Consequently, pathogenic bacteria culture, Gene-Xpert detection and metagenomic next-generation sequencing of bronchoalveolar lavage fluid and lung tissue were all negative. No tumour cells were found. At this point, lung cancer was given priority consideration. A CT-guided percutaneous lung tru-cut biopsy was then performed on the upper lobe of the left lung. Histological examination revealed that the alveolar cavity was filled with fibrin-like exudate and infiltrated by a large number of inflammatory cells, consistent with the pathological features of AFOP (Fig. 2A). Nonetheless, we considered the limitations of the small biopsy specimen because carcinogenic tissue might not have been taken, and after a multidisciplinary discussion, lung cancer was still not excluded.

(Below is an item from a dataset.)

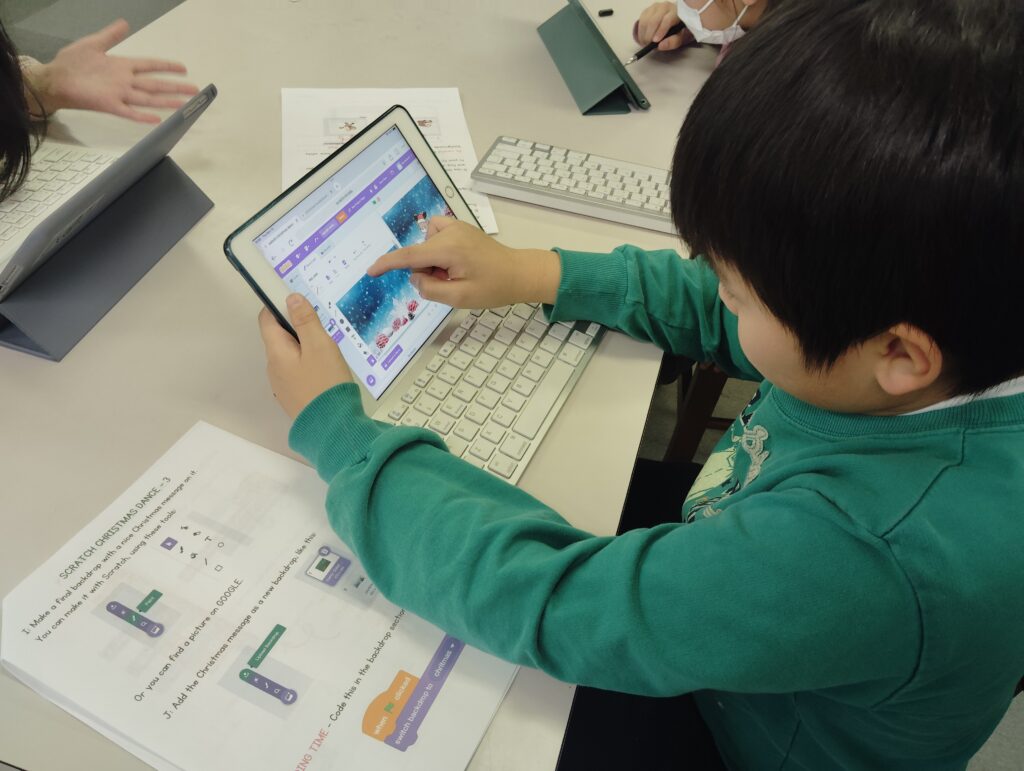 こちらは、英語を使ってプログラミングに取り組み、クリスマスにちなんだ簡単なアニメーションを作っている様子です。
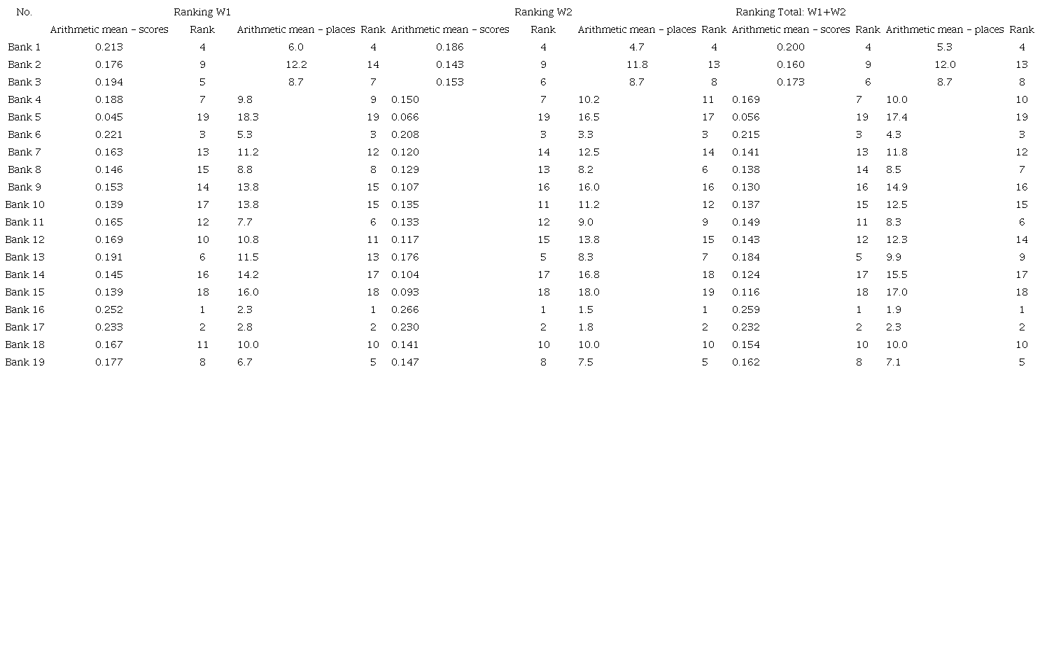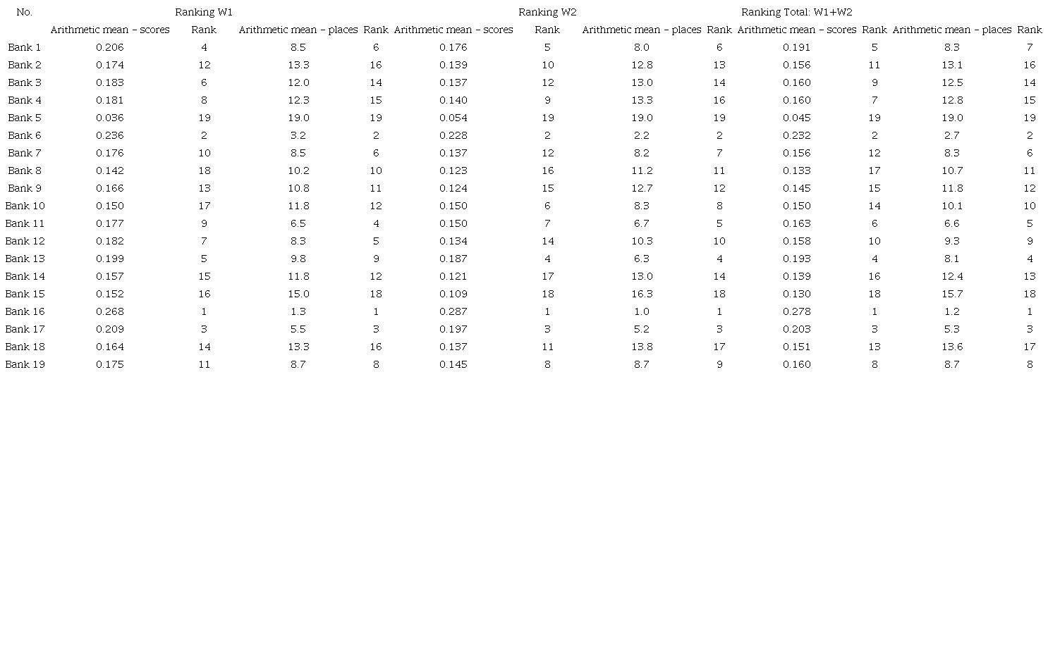 In this way, 24 rankings were obtained, which we-re used to build the final classification of banks (Table 8 and Table 9). The arithmetic mean of the grades obtained is presented in Figure 1 and Figure 2.

Therefore, a second CT-guided percutaneous lung tru-cut biopsy was performed in the upper and lower lobes of the left lung, which identified eosinophilic fibrin-like exudate in the alveolar lumen, a small amount of loose connective tissue consisting of fibroblasts, a large number of neutrophils and lymphocytes infiltration, and various degrees of alveolar cavity dilatation (Fig. 2B and C), all consistent with AFOP. Since no tumours were found in either lung biopsy, we considered the diagnosis of AFOP. The patient was treated with 40 mg of methylprednisolone once a day for a duration of 1 week. After this period, the dosage was adjusted based on the patient’s clinical condition, with a gradual reduction in steroid dosage. The patient was discharged later after reporting symptom relief.

Results of lung biopsy. (A) First lung biopsy (upper lobe of the left lung): Numerous lymphocytes, plasma cells, and neutrophils infiltrate the alveolar cavity, with fibrinoid material in the alveolar cavity (HE×200); (B) Second lung biopsy (lower lobe of the left lung): Fibrinoid exudate in the alveolar cavity, with numerous inflammatory cells infiltrating the alveolar septa and varying degrees of alveolar cavity dilation (HE×100); (C) Second lung biopsy (upper lobe of the left lung): The alveolar cavity is filled with fibrous tissue. The lung tissue shows widened alveolar septa with numerous lymphocytes, plasma cells, and neutrophils infiltrating, and Masson bodies are seen (HE×100); (D) Third lung biopsy (lower lobe of the left lung): Widened alveolar septa with inflammatory cell infiltration, fibrinoid exudate in the alveolar cavity, and local fibrous tissue proliferation (HE×200)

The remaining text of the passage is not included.